Install all required reference data and tools:

snakemake --snakefile setup.smk --cores 4 --use-conda --conda-frontend conda

⚠️ Important: Always use --use-conda to ensure correct tool versions are used for reference data creation.

This setup downloads (~21GB total):

Reference genome and annotations (~16GB)
STAR genome index (~1GB)
RNAseqCNV reference data (~50MB)
FusionCatcher database (~4.4GB)
R packages (ALLCatchR, RNAseqCNV)
Arriba draw_fusions tool (~10MB)

⏱️ Time: 1-3 hours (depending on internet speed)

Setup only runs once - subsequent executions skip existing components.

Usage

Sample Preparation

Prepare sample sheet: Edit samples.csv with your FASTQ file paths:

sample_id,left,right
Sample_01,/path/to/sample_01_R1.fastq.gz,/path/to/sample_01_R2.fastq.gz
Sample_02,/path/to/sample_02_R1.fastq.gz,/path/to/sample_02_R2.fastq.gz

Test with provided data (optional):

sample_id,left,right
Test,/path/to/IntegrateALL/data/samples/sub1_new.fq.gz,/path/to/IntegrateALL/data/samples/sub2_new.fq.gz

Running the Analysis

Workflow Selection

Choose the appropriate Snakefile for your environment:

Snakefile: Standard workflow for local execution or single-node processing
Snakefile.cluster: Standard cluster workflow that always runs both Arriba and FusionCatcher for comprehensive fusion detection
Snakefile.conditional: Optimized cluster workflow with Arriba-first approach that only runs FusionCatcher if initial classification fails, significantly reducing runtime for samples with clear driver fusions

Local Execution

Dry run (preview jobs):

snakemake -n --use-conda --conda-frontend conda

Full analysis:

snakemake --cores 20 --use-conda --conda-frontend conda

Note: The --conda-frontend conda flag prevents libmamba-related errors during conda environment creation.

Single sample:

snakemake --cores 4 --use-conda --conda-frontend conda STAR_output/YOUR_SAMPLE_ID/Aligned.sortedByCoord.out.bam

Cluster Execution

Option 1: Standard cluster workflow (comprehensive fusion detection)
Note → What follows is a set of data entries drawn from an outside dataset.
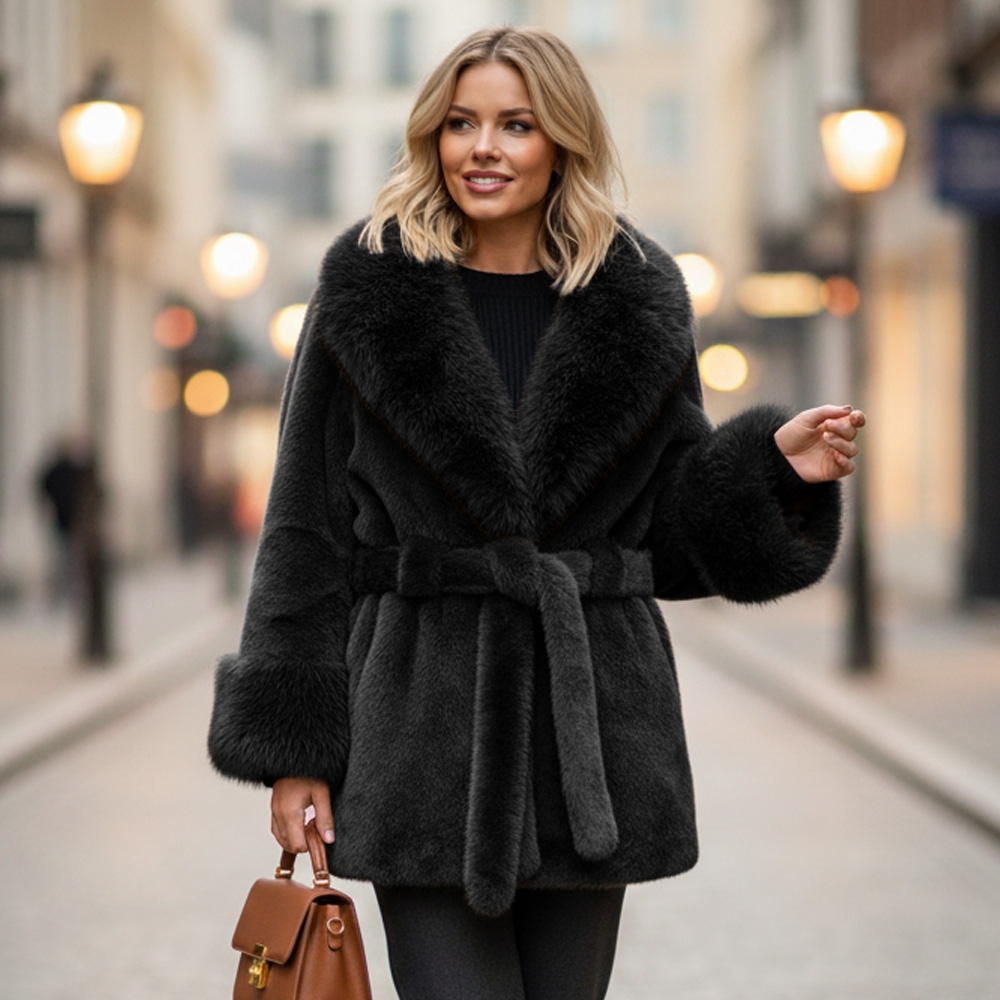 Details • Size : 22.8" X 29.5" • Material : 100% Polyester • Small: 27.5" X 22" • Medium: 28" X 22.8" • Large: 28.3" X 23.6" • Wrap yourself in warmth and sophistication with this luxury faux fur belted coat. Designed for comfort and timeless elegance, it features a plush texture, wide lapels, and a flattering tie waist. Perfect for evening outings, special occasions, or adding chic glamour to cold-weather looks.
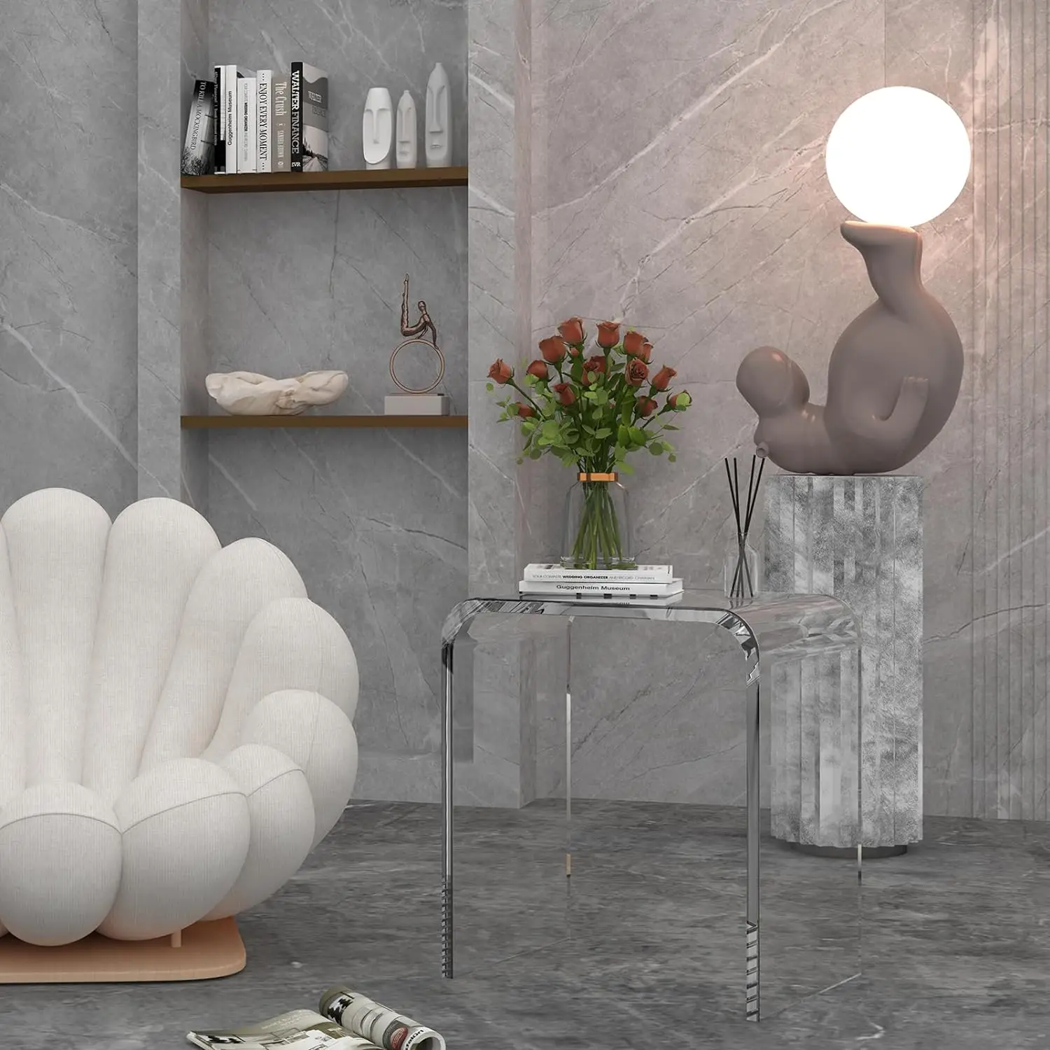 Table basse moderne tabouret acrylique Transparent Table d’appoint de lit en acrylique pour salon, chambre à coucher, baignoire
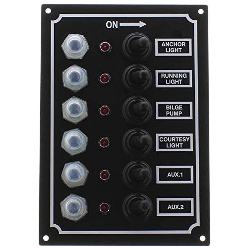 SeaSense LED Switch Panel 6 Gang with Breaker and Rubber Boots
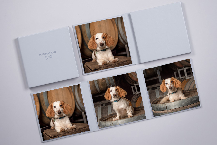 Your choice of 3 favourite images in a vegan leather triptych. Choose your colour. Folds to 7 inches square. Includes your dog’s name etched on the cover!
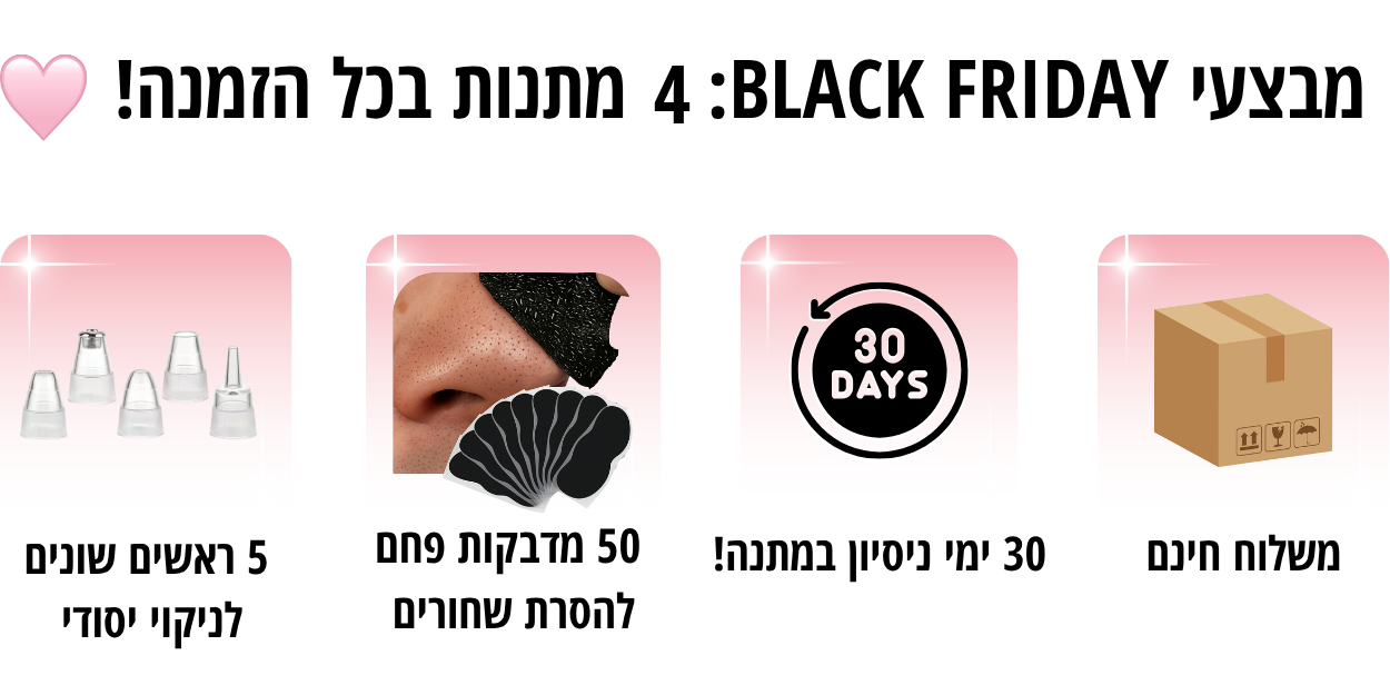 עכשיו תארי לעצמך מכשיר ששואב את השחורים מהשורש, בעדינות מקצועית ובטיחותית.
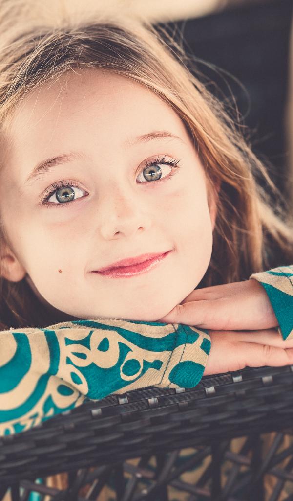 Wallpaper Smiling green-eyed girl with a white flower in her hair
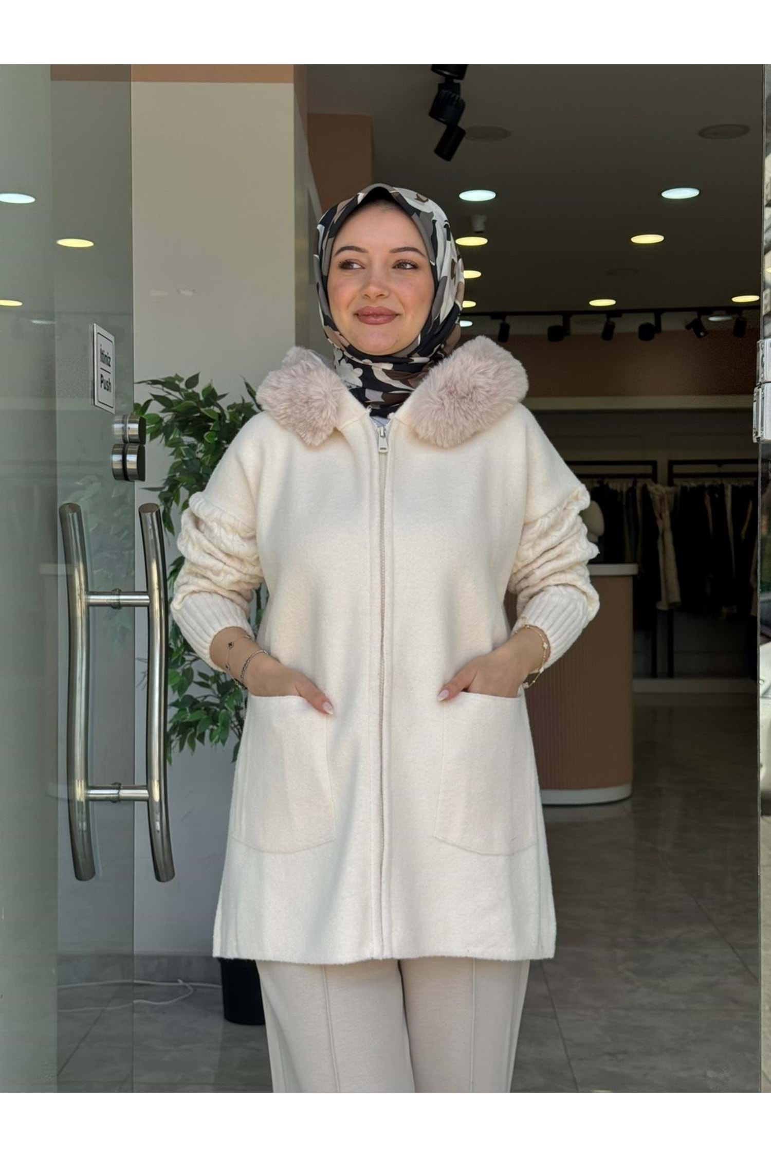 KAPÜŞONLU KÜRK HIRKA - EKRU - STD
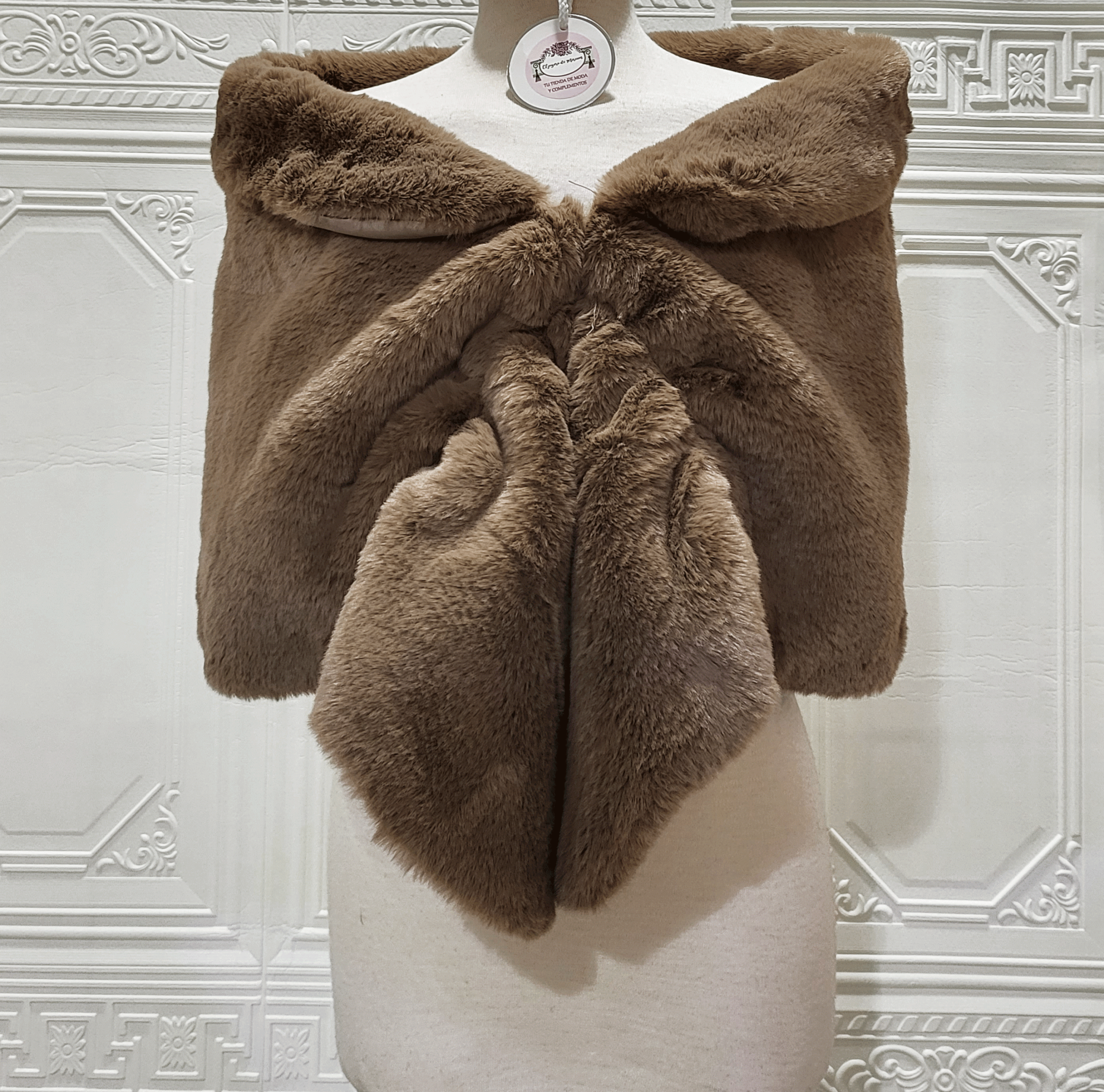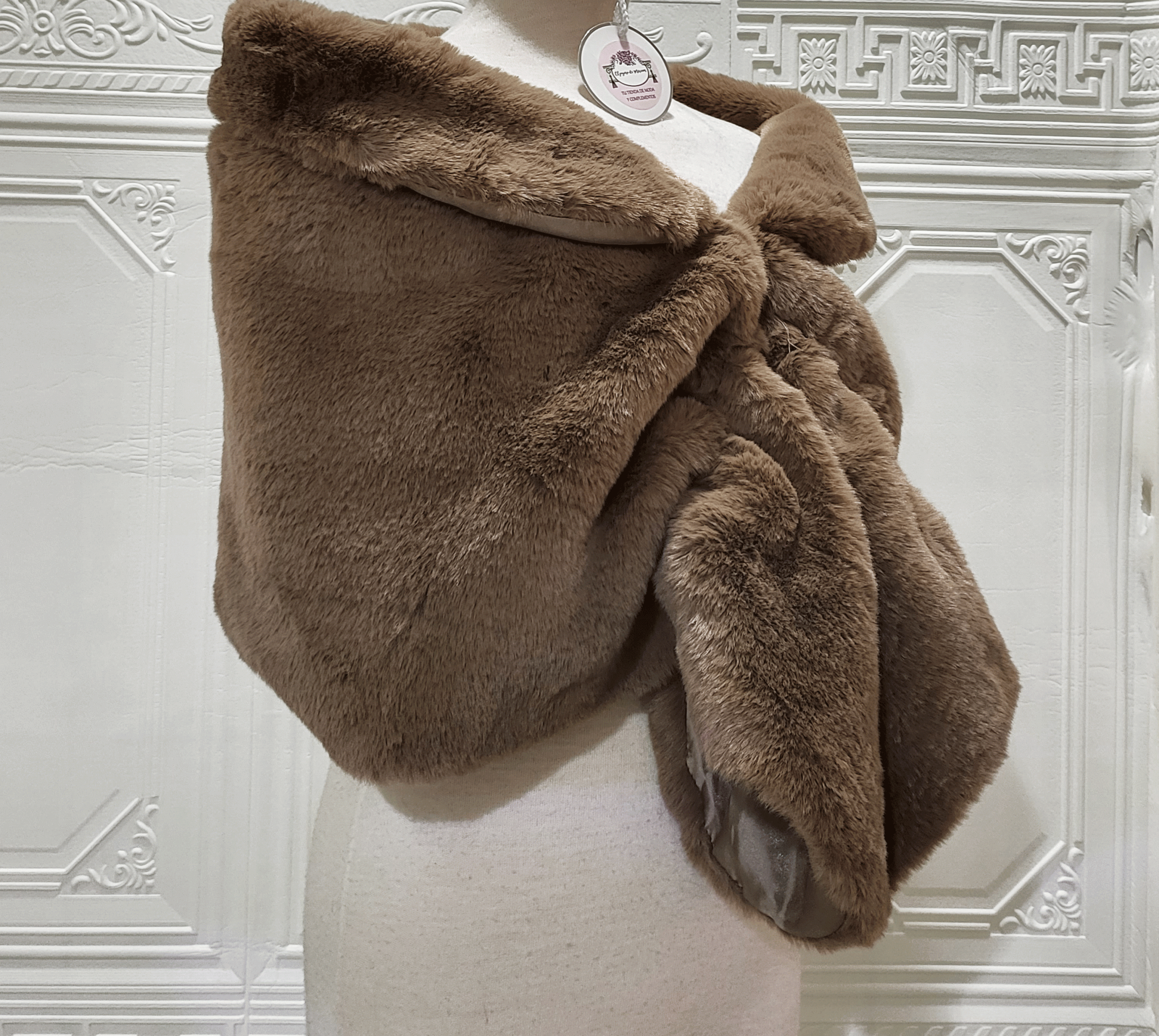R03/5400 – Capa o estola de fiesta, ideal para bodas y eventos especiales, fabricada en pelo sintético de un precioso y llamativo color MARRÓN. La estola consta del interior forrado, muy favorecedora y cómoda de llevar.
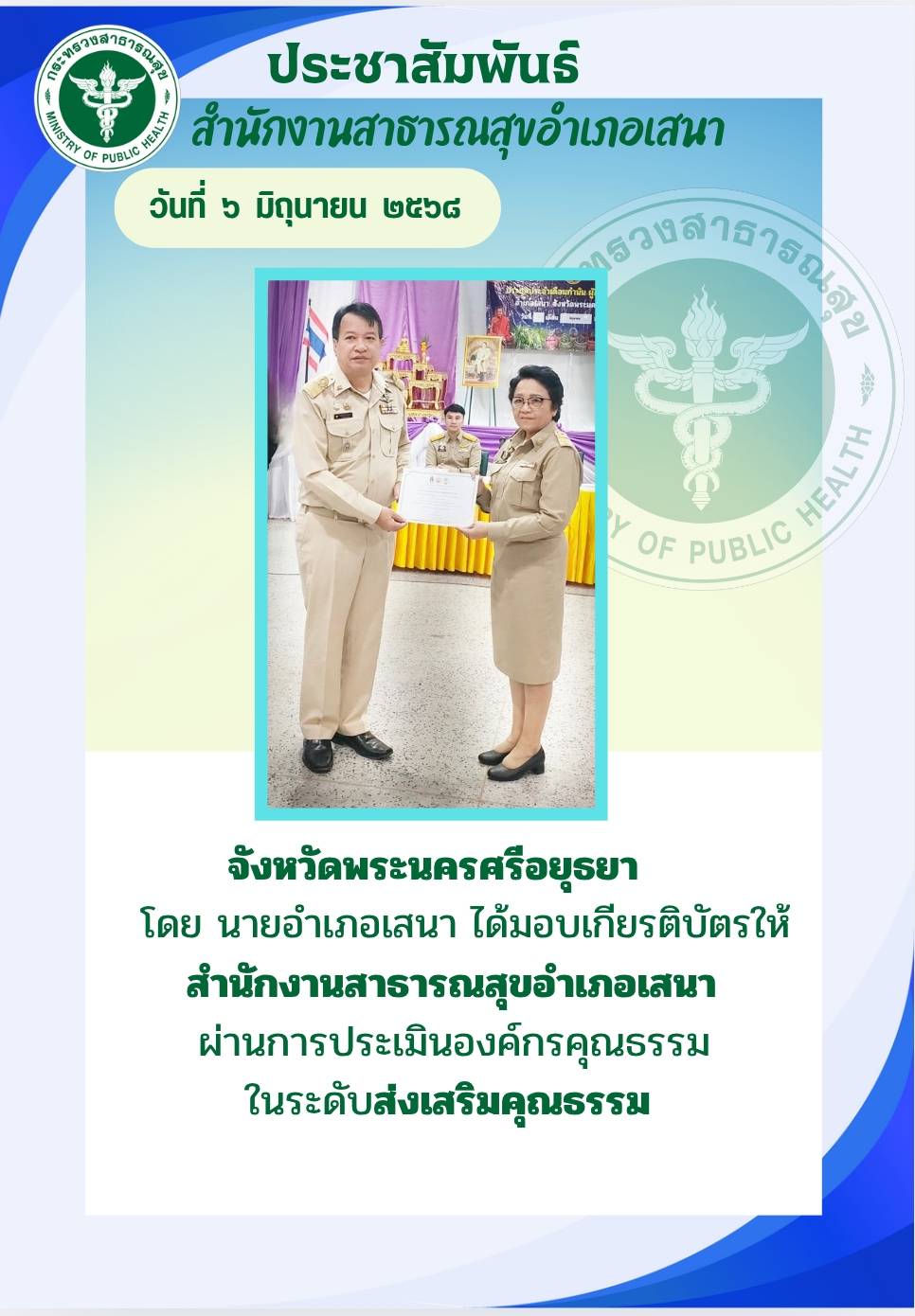 ได้รับเกียรติบัตรองค์กรคุณธรรม ผ่านเกณฑ์เป็นองค์กรส่งเสริมคุณธรรม

snakemake -s Snakefile.cluster --cores 20 --use-conda --conda-frontend conda

Option 2: Optimized cluster workflow (Arriba-first approach)

snakemake -s Snakefile.conditional --cores 20 --use-conda --conda-frontend conda

Recommendation: Use Snakefile.conditional for faster processing when you expect clear driver fusions. Use Snakefile.cluster for comprehensive analysis when you need maximum sensitivity or are analyzing challenging samples.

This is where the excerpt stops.